The proper value for this parameter depends upon how much time is expected to elapse between requests from a given client. For example, if clients are expected to make requests frequently then, set the parameter to a high value; likewise, if clients are expected to make requests rarely, then set it to a low value.
This setting specifies whether the server performs DNS (domain name service) lookups on clients that access the server. When DNS lookup is not enabled, when a client connects, the server knows the client’s IP address but not its host name (for example, it knows the client as 18.104.22.168, rather than www.xyz.com). When DS lookup is enabled, the server will resolve the client’s IP address into a host name for operations like access control, common gateway interface (CGI) programs, error reporting, and access logging.
If the server responds to many requests per day, reduce the load on the DNS or NIS (Network Information System) server by disabling DNS lookup. Enabling DNS lookup will increase the latency and load on the system—do so with caution.
The Enterprise Server uses a file cache to serve static information faster. The file cache contains information about static files such as HTML, CSS, image, or text files. Enabling the HTTP file cache will improve performance of applications that contain static files.
Set the file cache attributes in the Admin Console under Configurations > config-name > HTTP Service (HTTP File Cache).
Max Files Count determines how many files are in the cache. If the value is too big, the server caches little-needed files, which wastes memory. If the value is too small, the benefit of caching is lost. Try different values of this attribute to find the optimal solution for specific applications—generally, the effects will not be great.
Hash Init Size affects memory use and search time, but rarely will have a measurable effect on performance.
This parameter controls how long cached information is used after a file has been cached. An entry older than the maximum age is replaced by a new entry for the same file.

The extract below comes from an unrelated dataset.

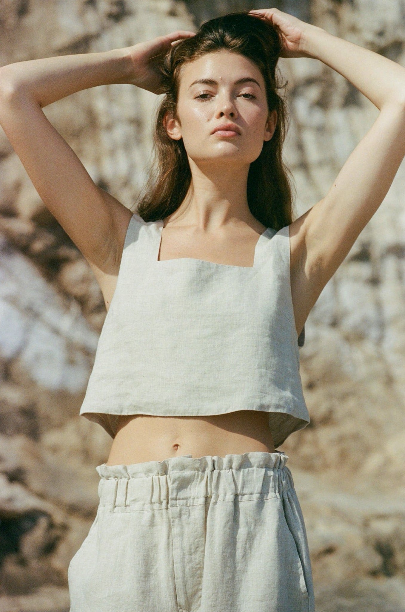 Made from quality linen, this tank features a trendy square neck and a cropped design that's perfect for warm weather. Versatile and stylish, it's a must-have addition to your wardrobe!
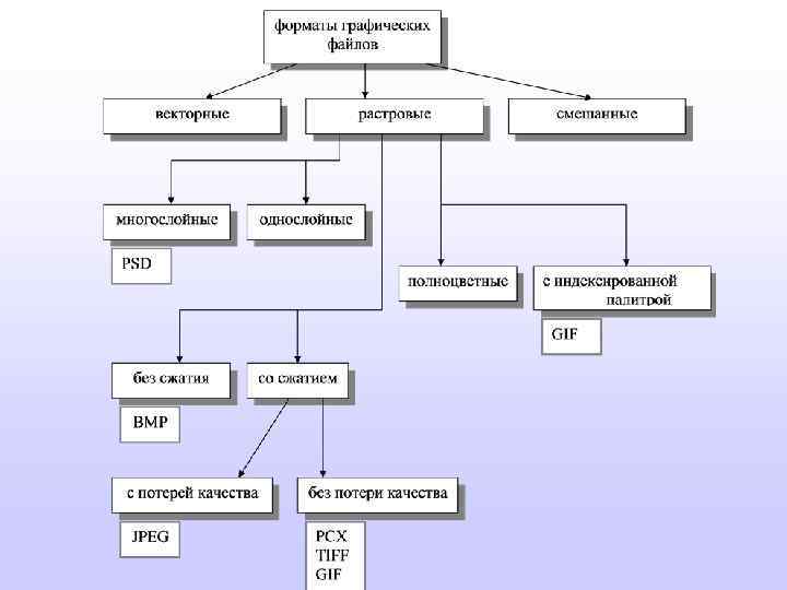 Форматы растровых графических файлов: BMP - используется для работы с продуктами фирмы Microsoft. TIFF - используется при сохранении отсканированного изображения, при подготовке к печати. JPEG - используется для сохранения изображений, предназначенных только для просмотра на экране, представления фотографий на Web-страницах. GIF - используется для представления на Web-страницах простых картинок и анимации.

If your web site’s content changes infrequently, increase this value for improved performance. Set the maximum age by entering or changing the value in the Maximum Age field of the File Cache Configuration page in the web-based Admin Console for the HTTP server node and selecting the File Caching Tab.
Set the maximum age based on whether the content is updated (existing files are modified) on a regular schedule or not. For example, if content is updated four times a day at regular intervals, you could set the maximum age to 21600 seconds (6 hours). Otherwise, consider setting the maximum age to the longest time you are willing to serve the previous version of a content file after the file has been modified.
The cache treats small, medium, and large files differently. The contents of medium files are cached by mapping the file into virtual memory (Unix/Linux platforms). The contents of small files are cached by allocating heap space and reading the file into it. The contents of large files are not cached, although information about large files is cached.
The advantage of distinguishing between small files and medium files is to avoid wasting part of many pages of virtual memory when there are lots of small files. So the Small File Size Limit is typically a slightly lower value than the VM page size.
When File Transmission is enabled, the server caches open file descriptors for files in the file cache, rather than the file contents. Also, the distinction normally made between small, medium, and large files no longer applies since only the open file descriptor is being cached.
By default, File Transmission is enabled on Windows, and disabled on UNIX. On UNIX, only enable File Transmission for platforms that have the requisite native OS support: HP-UX and AIX. Don’t enable it for other UNIX/Linux platforms.